E0420 08:34:32.500860 1 event.go:260] Could not construct reference to: '&v1.ConfigMap{TypeMeta:v1.TypeMeta{Kind:"", APIVersion:""}, ObjectMeta:v1.ObjectMeta{Name:"service-catalog-controller-manager", GenerateName:"", Namespace:"kube-service-catalog", SelfLink:"/api/v1/namespaces/kube-service-catalog/configmaps/service-catalog-controller-manager", UID:"99cdcde5-4475-11e8-a149-42010af0002d", ResourceVersion:"44897", Generation:0, CreationTimestamp:v1.Time{Time:time.Time{wall:0x0, ext:63659810051, loc:(*time.Location)(0x31c6c00)}}, DeletionTimestamp:(*v1.Time)(nil), DeletionGracePeriodSeconds:(*int64)(nil), Labels:map[string]string(nil), Annotations:map[string]string{"control-plane.alpha.kubernetes.io/leader":"{\"holderIdentity\":\"controller-manager-ssnfg-external-service-catalog-controller\",\"leaseDurationSeconds\":15,\"acquireTime\":\"2018-04-20T08:34:11Z\",\"renewTime\":\"2018-04-20T08:34:32Z\",\"leaderTransitions\":0}"}, OwnerReferences:[]v1.OwnerReference(nil), Initializers:(*v1.Initializers)(nil), Finalizers:[]string(nil), ClusterName:""}, Data:map[string]string(nil)}' due to: 'no kind is registered for the type v1.ConfigMap'. Will not report event: 'Normal' 'LeaderElection' 'controller-manager-ssnfg-external-service-catalog-controller became leader'
I0420 08:34:32.500984 1 leaderelection.go:184] successfully acquired lease kube-service-catalog/service-catalog-controller-manager
I believe the command you're using to find the leader for catalog is incorrect. I'm guessing there's a configmap in the catalog namespace that is used, not in kube-system. (I don't know exactly what it is - the command I gave earlier was only an example.) Jeff,
Oh, maybe my misunderstood, the ConfigMap "openshift-master-controllers" doesn't matter with the election of the "service-catalog", right?
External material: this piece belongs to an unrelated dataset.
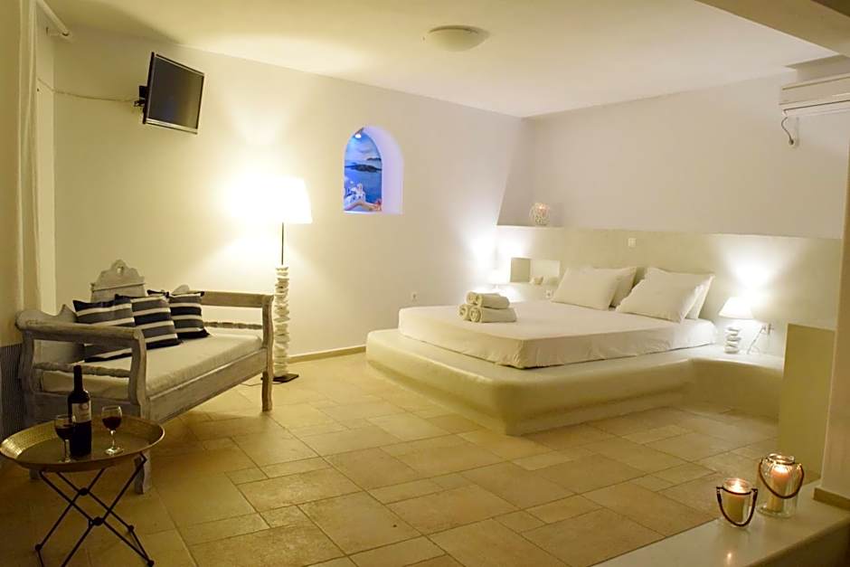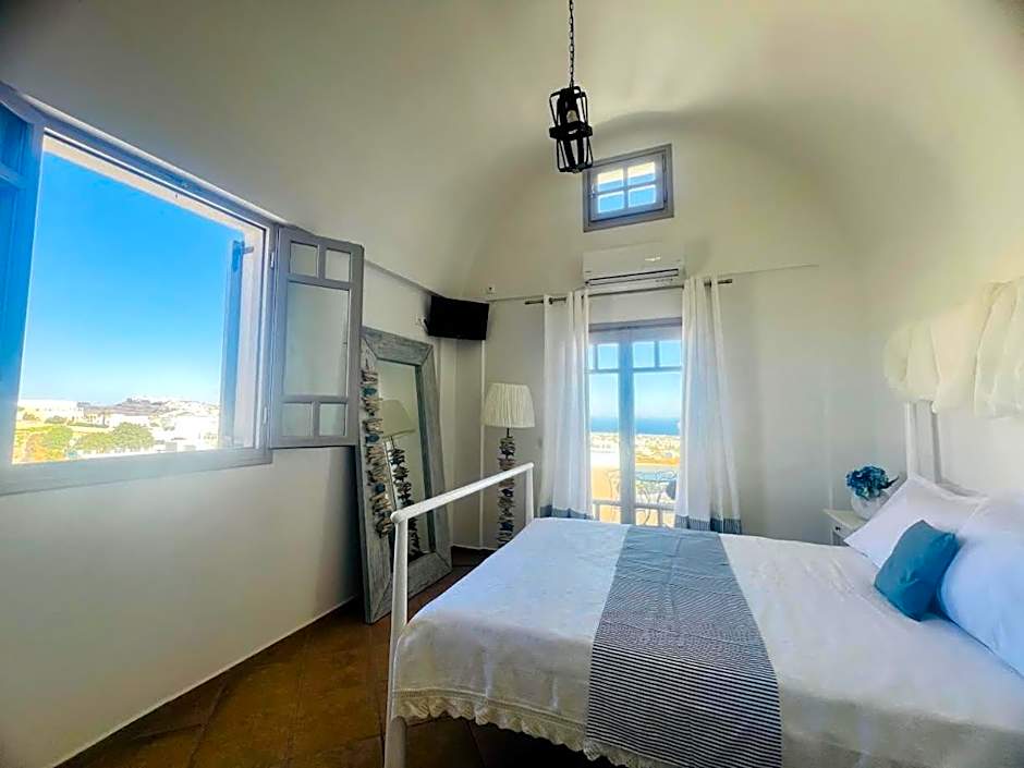 This room has direct access to the garden and features a balcony with views of the Fira Caldera and the Aegean Sea.
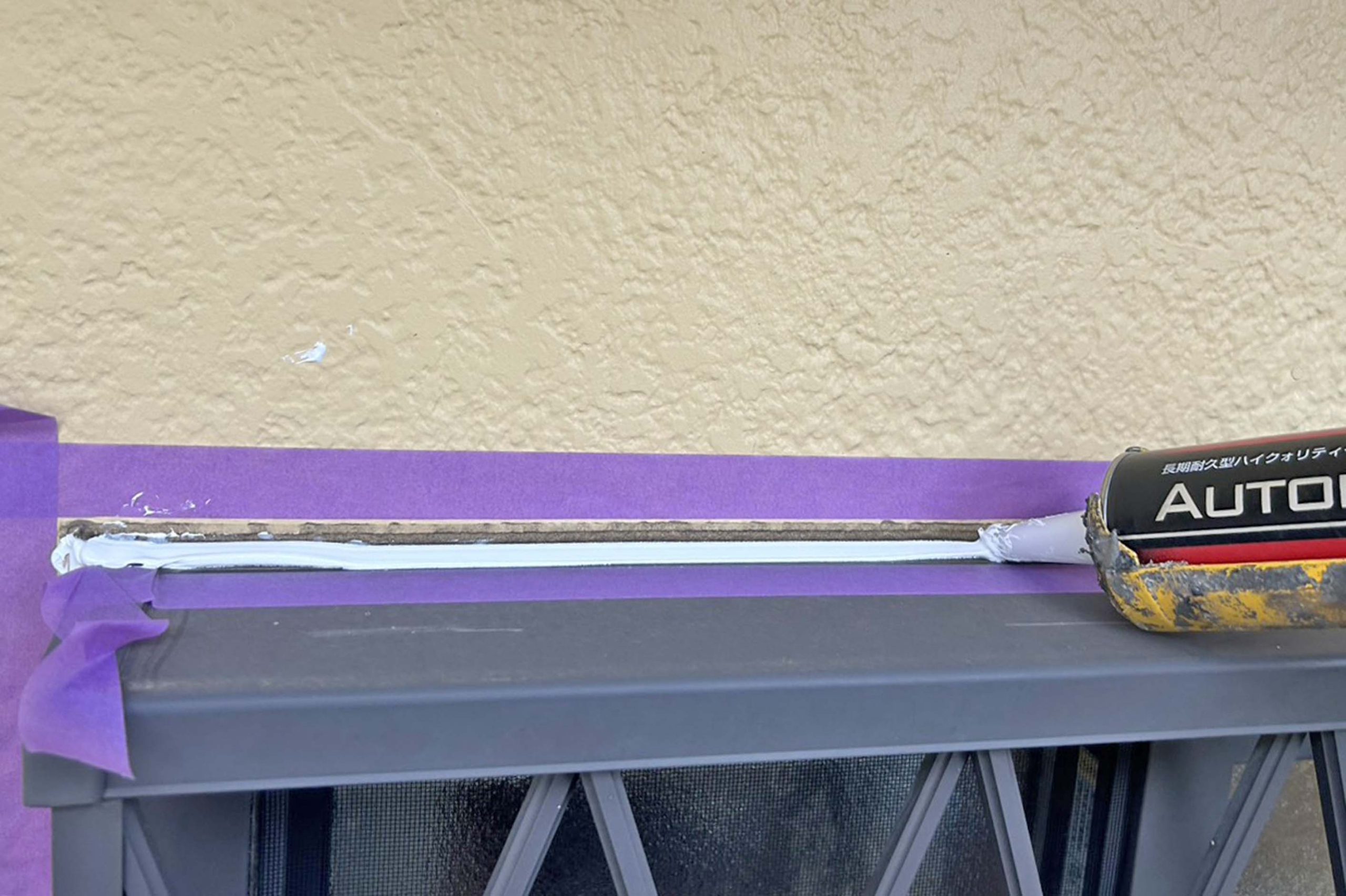 外壁塗り潰し部分はサッシ周りと入隅のシーリングが完了しました。入隅というのは外壁やサッシ等の取合が凹んでいる角の部分の事で物理的にコーキングを撤去出来ない箇所になります。これ等の部分はコーキングを上から充填します。この方法を打増と言います。

I'm sorry for this.
Now, we can see the ConfigMap "service-catalog-controller-manager" in the kube-service-catalog namespace. Like below:
[root@qe-jiazha-3923-gcemaster-etcd-1 ~]# oc get cm service-catalog-controller-manager -o yaml
apiVersion: v1
kind: ConfigMap
metadata:
annotations:
control-plane.alpha.kubernetes.io/leader: '{"holderIdentity":"controller-manager-d6pvk-external-service-catalog-controller","leaseDurationSeconds":15,"acquireTime":"2018-04-23T02:39:57Z","renewTime":"2018-04-23T02:49:19Z","leaderTransitions":1}'
creationTimestamp: 2018-04-23T02:04:56Z
name: service-catalog-controller-manager
namespace: kube-service-catalog
resourceVersion: "52499"
selfLink: /api/v1/namespaces/kube-service-catalog/configmaps/service-catalog-controller-manager
uid: b8571c0b-469a-11e8-8685-42010af00019
It works well and we can see the "leaderTransitions" changed to 1 after one leader change. But, the "Events" is none, is it as we expect? Why did not display the leader change notice in the "Events" field? Or am I missing something?
[root@qe-jiazha-3923-gcemaster-etcd-1 ~]# oc describe service-catalog-controller-manager
the server doesn't have a resource type "service-catalog-controller-manager"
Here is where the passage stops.